ENGLEWOOD, Colo. — Lost in the Broncos' 43-16 loss to the Chiefs in Week 7 is that the matchup perhaps signified marked improvement for Denver in their attempt to snap a skid vs. Kansas City.
That's understandably hard to believe in the wake of a 27-point loss, which was the Broncos' 10th consecutive defeat to the Chiefs. Before the game got out of hand, though, there were signs that the Broncos were getting closer to competing with the defending Super Bowl champs.
After two consecutive three-and-outs to begin the game, the Broncos' offense took advantage of a short field to cut the lead to 7-6. In the second quarter, Drew Lock and the offense tallied another eight first downs. A pair of first-half turnovers — a fumble by Melvin Gordon III and pick six from Lock — decimated the Broncos' chances of winning the game, but Denver's offense possessed the ball for nearly 10 minutes more than the Chiefs in the second quarter.

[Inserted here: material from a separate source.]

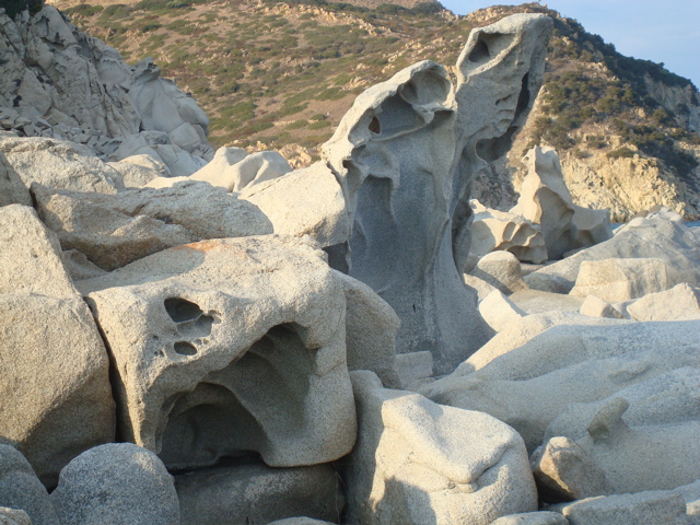 20-21 septembre 08 : Après un coup de vent d'ouest et une grosse averse, le mistral se lève et balaie le ciel. Nous nous abritons à l'est du Cap Carbonara, le long de la belle plage de sable blanc. On se croirait aux Antilles. Mais la protection est relative et la houle nous secoue toute la nuit (on a l'habitude mais c'est désagréable !). Après une longue balade qui nous amène au village de Villasimius, on se déplace plus au nord, derrière une petite langue de sable qui nous protège bien. Les paysages sardes sont vraiment superbes avec ces rochers erodés par le vent. |
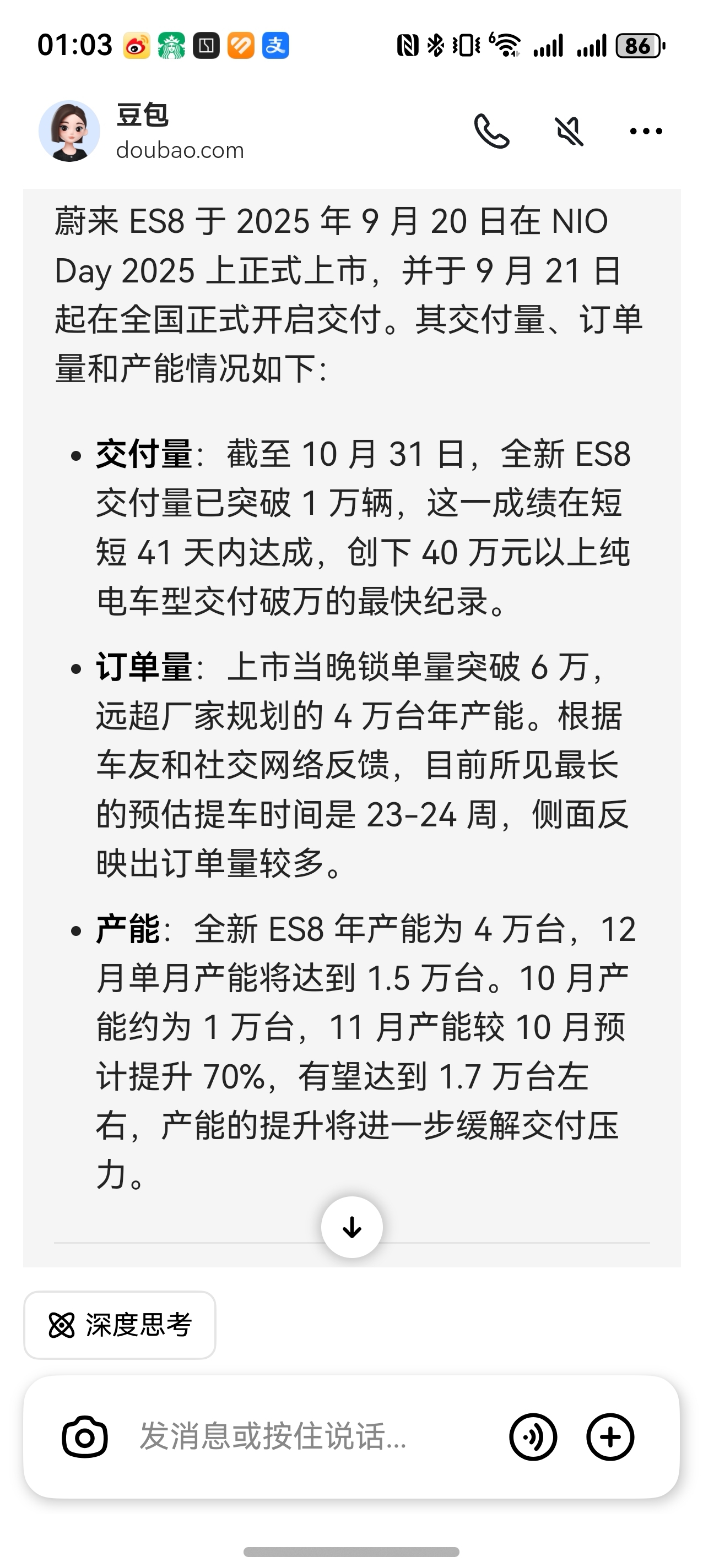 $继峰股份(SH603997)$ 4季度到明年一季度业绩是有保障的,下游主机厂的两款爆款车出货量在爬升阶段,集中在4季度。而且都是该价位卡位的车型。稳定出货量接近4万台每月,蔚来的Es 8和理想的I6..3997业绩明年再8-10亿之间27年稳定在12+亿那市值有望到250亿左右。

The Broncos finished the game with an impressive 177 rushing yards.
"Yeah, I feel like we moved the ball extremely well in the first half," wide receiver Tim Patrick said Wednesday. "The first half — I watched the film yesterday — I think the [few] that we got stopped was because of turnovers. I think we still ran for well over 100 yards. We didn't have enough big plays, but when you get down like that, they can prepare for shots down the field — play soft zones and stuff like that. Moving the ball, I felt like we were extremely confident. I think the main objective for this game is not to turn over the ball."
The Denver defense also did its part. After scoring a touchdown on their opening drive, Patrick Mahomes and the Chiefs fumbled, kicked a field goal, went three-and-out and punted on their final four possessions in the first half. They scored plenty thanks to the pick-six and a 102-yard kick return touchdown, but the Chiefs were 0-of-3 on third down and Mahomes was sacked twice in the opening half.
Mahomes finished the game with a modest 200 passing yards for one touchdown and a 107.2 passer rating. That's Mahomes' lowest yardage output in six career games against Denver, save for last year's Week 7 matchup that Mahomes exited at halftime.
Asked Wednesday whether the Broncos could build off that defensive performance, Head Coach Vic Fangio said it was hard to take too much away from what he called "an unusual game."
"They had a 100-plus yard kickoff return for a touchdown and they had a 50-something yard pick six for a touchdown," Fangio said. "They had some short fields. So, it was unusual circumstances [in terms of] their offense against our defense. As a result, their team beat our team. The way the game played out … it wasn't a normal game for them, nor a normal game for our defense."
If the Broncos can avoid turnovers — they turned it over four times in their October loss — perhaps they'll have a chance to snap a losing streak to Kansas City that dates back to 2015.
"We just turned the ball over," Lock said. "That was it, plain and simple. I threw the pick six. We turned the ball over earlier in that game, too. If we just keep the ball in our hands and take what they give us, I think we can have a better outing this time to make the difference in the scoreboard.
"Our biggest focus is taking care of the ball this week and, like I said, doing our job one play at a time."
'A GUT-WRENCHING FEELING'
Speaking to the media for the first time since missing Sunday's game, Lock called watching from afar a "gut-wrenching feeling."
The Broncos' quarterback took responsibility and apologized for his role in being placed on the Reserve/COVID-19 list this weekend.
"It was tough," Lock said of watching the team's loss. "It was really tough. It wasn't something that I enjoyed doing. I would much rather have been out there on the field helping my teammates out. It hurt my heart, hurt my soul, and it's time to move on and get to Kansas City and get out there and do what I love, and that's play football."
Practice squad quarterback Blake Bortles, meanwhile, participated in virtual meetings but was not scheduled to attend practice. Fangio said they would follow the same process on a "day by day" basis depending on test results.
"We're just going to limit his exposure here," Fangio said.
IMPROVING ON THIRD DOWN
As the Broncos aim to improve on their 36.1 percent third-down conversion rate that ranks 30th in the league, perhaps tight end Noah Fant can be an antidote.
The big-bodied tight end said he hopes to be a focal point, particularly on third-and-medium scenarios.
"I want to be a big primary guy on third [down]," Fant said. "I feel like — especially … that third-and-six range — those are prime tight end areas to run routes and get open and things like that. So, I guess just to keep pushing forward. That's the only thing I can say is try to keep getting better, try to get with our play calling and things like that and see how I fit in that and try to do some good things on the field. We definitely need some improvement there. We're ranked 30th in the league, so all we can do is kind of push forward in that aspect and get better."
Defensive Coordinator Ed Donatell has returned to UCHealth Training Center on a "part-time basis," Fangio said.
Donatell may join the team in Kansas City this weekend, but Fangio said he would likely coach from the box whenever he returns for a game.